Wednesday, December 17, 2008

Ignorance

Among the many books in my library, there resides a text entitled The Encyclopedia of Ignorance. Promising “everything you ever wanted to know about the unknown”, this narrow volume celebrates the horizons of knowledge: the more we know, the more we discover we don't know. A book about science, it teaches a lesson about life.

Horizons have a wonderful power. Imagine being as the center of a sphere, the reach of experience (being in the world) as the radius of that sphere. The surface of the sphere: that is the horizon. All that encounters being is ready to hand, just within reach. What lies beyond, is not simply unknown, but the unknown unknown, a virtual space uncoupled with the being that is here.

The horizon, however, now that's something else entirely.
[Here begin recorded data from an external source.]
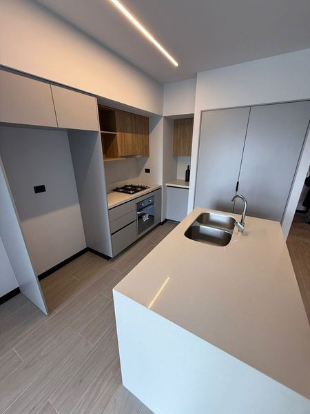 • Cocina equipada con barra de cuarzo, parrilla y tarja marca Smeg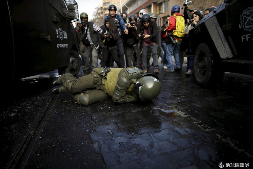 在示威活動中,一名警察與學生發生衝突倒在地上。從這禮拜一開始,智利學生就開始示威要求教改,示威也進一步在 10號時擴大規模,學生們放火燒首都的交通幹線阿拉美達大道(Alameda Avenue),阻塞當地的交通。同時,智利南部的瓦巴萊索(Valparaiso)和康塞普松市(Concepcion)也都出現了抗議活動。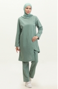 Asymmetrisch Geschnittener Zweifaden-Trainingsanzug 03076-03 Schwarz 03076-03

At the surface of the sphere, all possibilities rest. The area in which the virtual and the actual meet, the horizon is where all that we hold as known discloses all that we may hold as unknown.

Take up new knowing, extend one's reach, extend the sphere, and watch as the horizon recedes: the area of ignorance stretches with the elasticity of a soap bubble, blown slowly... slowly... tenderly outward. With each addition to that equipment we call knowledge, the surface area of ignorance multiplies.

To expand one's horizons is to celebrate the growth of one's ignorance. Stretch out your limbs, reach to the furthest point around you. Just at the very edge of your fingertips... those oh so sensitive organs of touch. Do you feel it? That iridescent, insubstantial horizon?